Maybe, but not in isolation. I’ve been in too many PD sessions where the vision of teaching is pretty narrow. I still want to get teachers thinking about how they use time, but I also want to account for the kinds of complex decisions teachers make around time. I recently saw a video of Deborah Ball (I’m currently a graduate student at Michigan) leading a class discussion about the meaning of odd numbers. One student has a particularly odd-ball definition and is arguing that 6 can be both even and odd. Kids disagree; others seem uncertain. But the conversation they are having is pretty sophisticated. Ball doesn’t interrupt; after a certain amount of time (some think too much time), she leads the class back around to a definition from a previous class. Did she waste time?
So maybe my decision is to create purposeful contrasts in the videos I select. I would want to acknowledge that teachers make complex choices in real time; that they confront dilemmas every day; and that, as a leader, I won’t be skewing my coaching or evaluation toward one particular model of teaching.

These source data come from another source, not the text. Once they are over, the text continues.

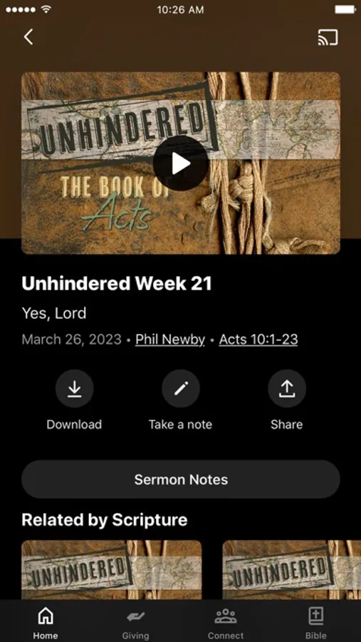 This app will help you stay connected with the day-to-day life of our church. With this app you can: watch or listen to past messages; stay up to date with push notifications; share your favorite messages via Twitter, Facebook, or email; and download messages for offline listening.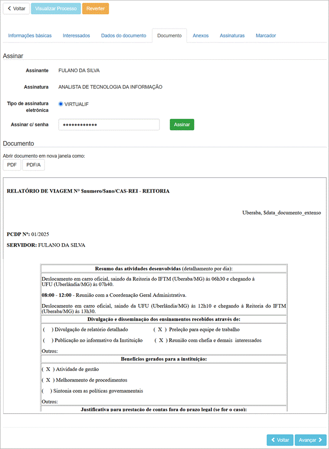 Figura 2. Tela “Assinar Documento: Visualização e Assinatura”.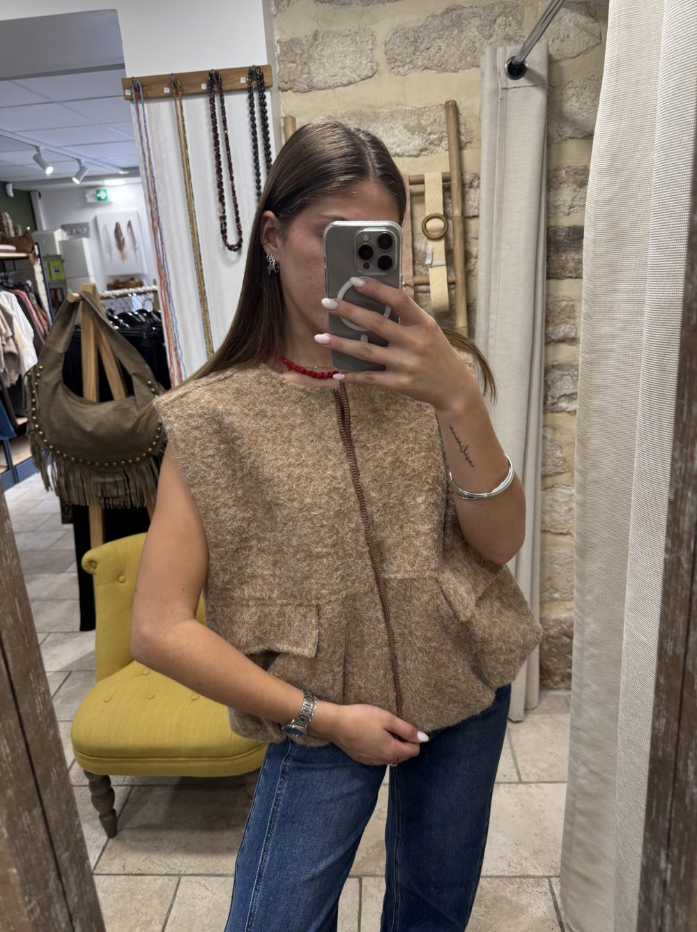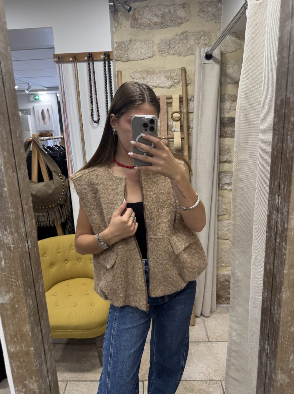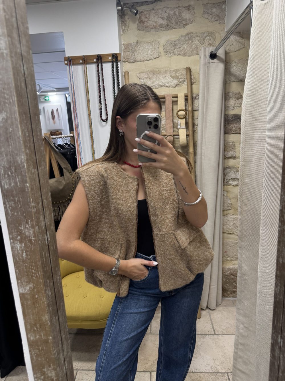 Gilet sans manches en maille beige, fermeture zippée, poches plaquées en relief.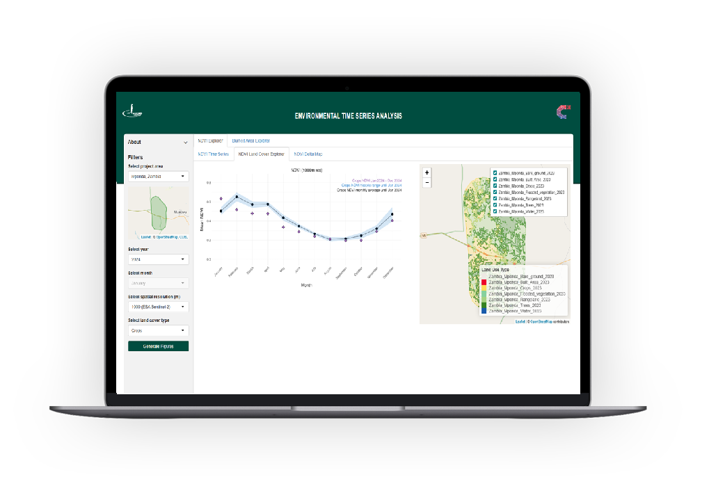Our Environmental Time Series Analysis lets you monitor environmental change over time - whether it’s vegetation health, drought, floods, or urban expansion - using satellite data and intuitive charts, maps, and land-cover insights. Get clear, actionable visuals to support smarter decisions in seconds.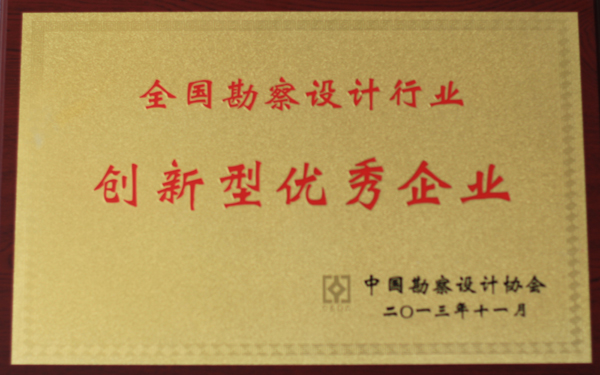 根據中國勘察設計協會中設協字[2013]88號文《關于公布創新型優秀企業、優秀企業家(院長)評選結果的通知》,我單位榮獲中國勘察設計協會2013年度“全國勘察設計行業創新型優秀企業”稱號;韓立君董事長榮獲“全國勘察設計行業優秀企業家(院長)”稱號。

This is one of those habits of mind that we want to encourage all teachers and leaders to develop: Take whatever lesson you can from every experience (starting with these videos), and set aside the stuff that isn’t helpful in your current situation. The trouble is that rookie teachers often don’t have the background knowledge to make these inferential connections, and are going to be distracted by the surface structure of what they see (e.g. kids SLANTing/not SLANTing), which will distract them from the key teaching practices they’re seeing.

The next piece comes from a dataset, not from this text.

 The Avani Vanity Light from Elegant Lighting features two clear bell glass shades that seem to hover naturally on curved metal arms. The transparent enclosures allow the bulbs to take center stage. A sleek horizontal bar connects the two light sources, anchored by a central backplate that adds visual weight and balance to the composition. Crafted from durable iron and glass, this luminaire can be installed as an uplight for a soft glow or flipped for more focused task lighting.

To this end, I would absolutely support making a quick video to try to get this point across. I can’t think of a way to do this other than to essentially mock people who don’t look past surface differences, and, though this would likely work with fiercely competitive and highly sarcastic 22-year-olds, I can’t see it being particularly effective for a broader audience. The latter would be a tougher audience, as they’d likely come with preconceived notions of how the structure of the (mostly charter school) classrooms in the videos are not simply an inevitable outcome of being at one of “those” schools.